Olympic medal record

Representing Ethiopia

Men's athletics

All-Africa Games

= Bekana Daba =

Ethiopian long-distance runner

Bekana Daba (born 29 July 1988 in Welega, Oromia Region) is an Ethiopian long-distance runner who specialises in the 5000 metres and marathon distances.

==Biography==
He was selected to compete at the 2007 World Championships in Athletics but he finished eleventh in his heat and did not make the final. He won the Carlsbad 5000 in his first ever 5 km road race, beating Abreham Cherkos in a time of 13:19. At the 2009 World Championships in Athletics, he finished sixth in his 5000 m heat, however he just didn't make the final, losing out to Chakir Boujattaoui. Running at the Rock ‘n’ Roll Las Vegas Half Marathon, he set a Nevada state record of 1:01:40 on the way to victory.

He ran in the 2010 New York City Half Marathon and set a personal best of 1:01:23 for fourth place. He began to work towards a step up to the marathon distance at the end of the year and won at the inaugural Ethiopian Clubs Cross Country Championships as part of his preparations, defeating marathon runner Feyisa Lilesa. He ran at the 2010 Amsterdam Marathon and finished in twelfth with a time of 2:14:40.
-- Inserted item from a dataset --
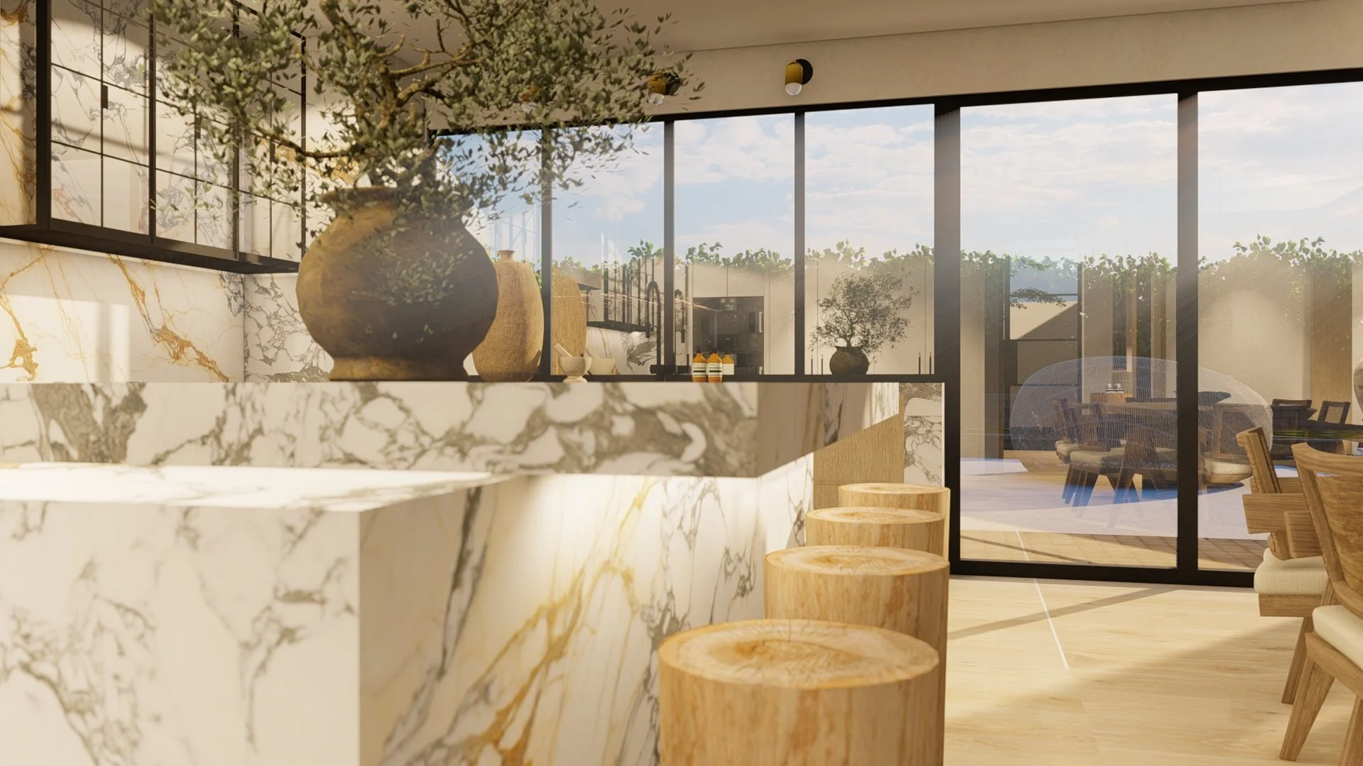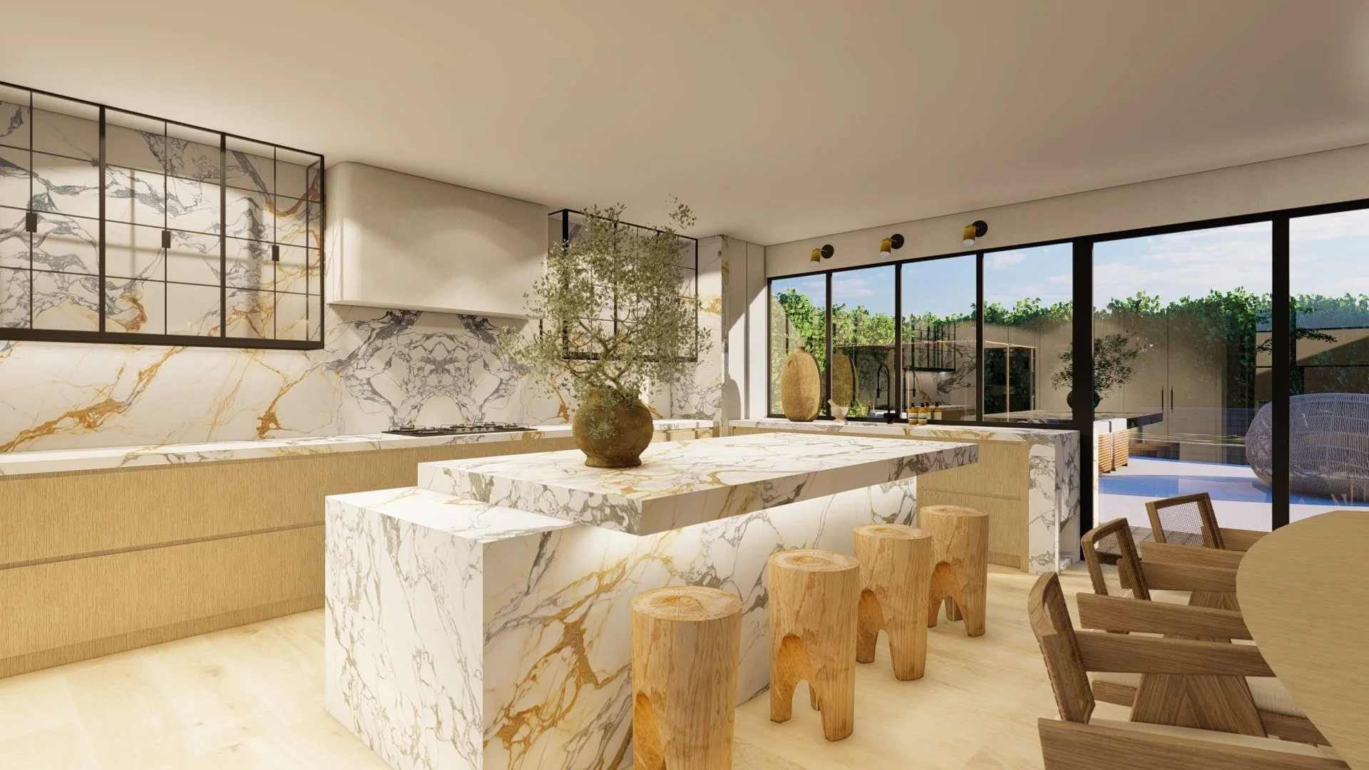 Natural Oak, Borghini Marble, & exquisite slab detailing define this Kitchen while collapsible windows open to the backyard.

He was much more successful on his second attempt at the distance as he broke the course record to win the Houston Marathon in January 2011, running a Texas state record of 2:07:04 hours to finish four minutes ahead of the competition. The mark was achieved in spite of the rainy conditions and his lead was so significant that in the final stages of the race he decided to stop at a nearby portable toilet for a bathroom break. At the 2011 Chicago Marathon he ran a time of 2:07:59 hours for fourth place behind a Kenyan trio. In his first race of 2012, he failed to finish at the Lake Biwa Marathon.